Are you just looking to try one before you buy?


----------



## dunfyguy (May 25, 2009)

yeh grawschbags


----------



## Grawschbags (Apr 15, 2010)

You're welcome to come through to Bathgate and give mine a whirl if that's all you're looking for.

I wouldn't want to just loan it out to someone I don't know though.


----------



## dunfyguy (May 25, 2009)

yeh fully appreciate that, where in bathgate are u?


----------



## Grawschbags (Apr 15, 2010)

I'm just outside Bathgate in Blackburn mate (the home of SuBo). More folk have heard of Bathgate. 

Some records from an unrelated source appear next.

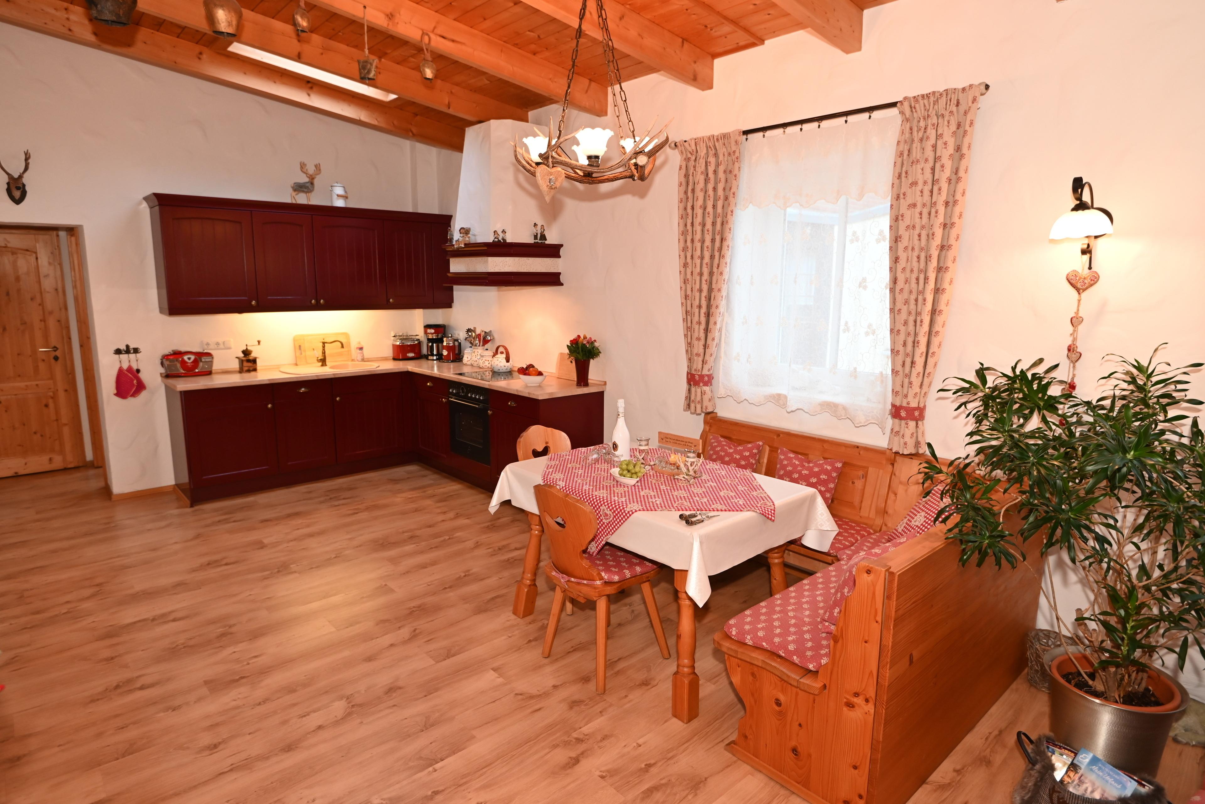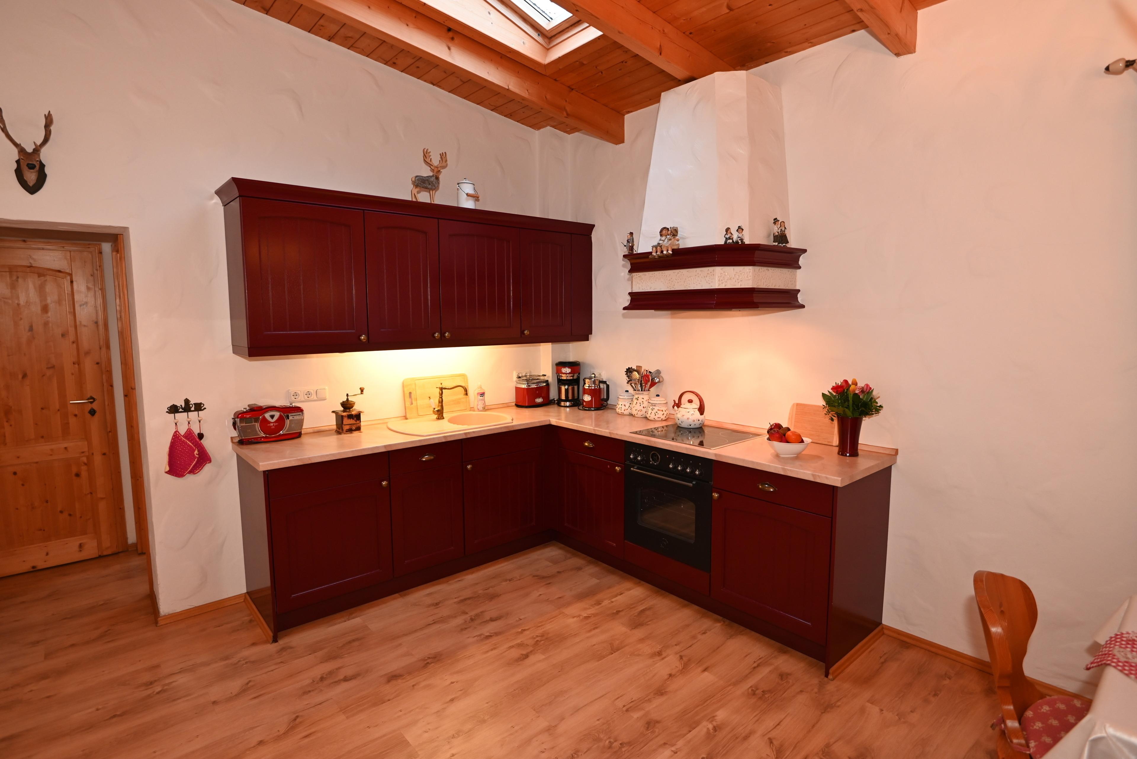 Die offene KÜCHE ist mit allem ausgestattet was zu einem Kochvergnügen einlädt. Zur technischen Ausstattung gehören Backofen, Spülmaschine, Kühlschrank mit Gefriermöglichkeit, Ceran-Kochfeld, Kaffeemaschine, Wasserkocher und Toaster. Dazu gesellen sich viele weitere Kochutensilien.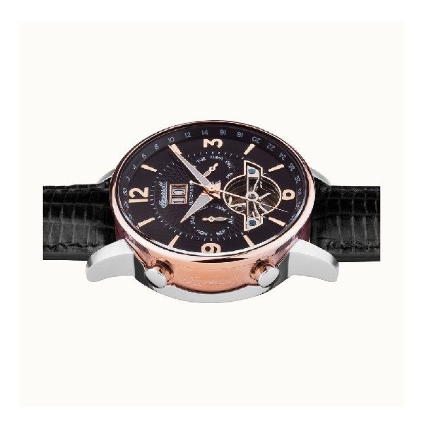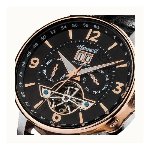 The distinctive black dial is complimented by a balance wheel located right above the 6 o'clock mark. The automatic movement is contained in rose gold /silver casing giving the watch its character and personality.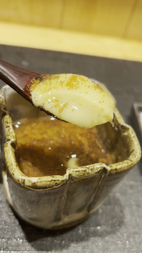 ♦︎香箱蟹の茶碗蒸し いよいよ香箱ガニの季節になったかと感激。 今年初めての香箱ガニをいただきました。 上には蟹の外子の餡、玉子の中には内子と身があっぷり入っていめ香箱蟹の旨味が味わる贅沢な茶碗蒸し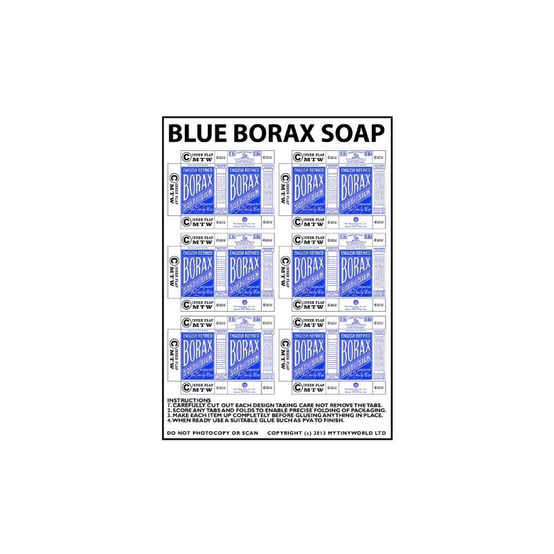 MyTinyWorld Dolls House Miniature Sheet of 6 Blue Borax Soap Powder Boxes

I don't have a garage though so it would have to be a reasonably nice day.


----------



## Ravinder (Jul 24, 2009)

I can lend you mine as long as I can learn as well. It's new and not used yet! And I'm only 10 minutes from you.


----------



## dunfyguy (May 25, 2009)

what one u got ravinder?


----------



## Ravinder (Jul 24, 2009)

DAS Pro.


----------



## dunfyguy (May 25, 2009)

that offer of a loan still going ravinder? u got any pads as well?


----------



## Ravinder (Jul 24, 2009)

Yes mate. I have a few pads, yes. I haven't used my DA yet or pads obviously so it's all brand new! I was gonna give it a go on the Rover in about 3 weeks when I had some time off work but you can have a go if you like. I don't mind seeing it in action! Were you at the recent Fife meet?


----------



## darren1229 (Jun 8, 2012)

Ravinder said:


> Yes mate. I have a few pads, yes. I haven't used my DA yet or pads obviously so it's all brand new! I was gonna give it a go on the Rover in about 3 weeks when I had some time off work but you can have a go if you like. I don't mind seeing it in action! Were you at the recent Fife meet?


any luck using the new DA?


----------



## Ravinder (Jul 24, 2009)

Not used it yet! Never have time. Work constantly but I'm off soon so will give it a go then.


----------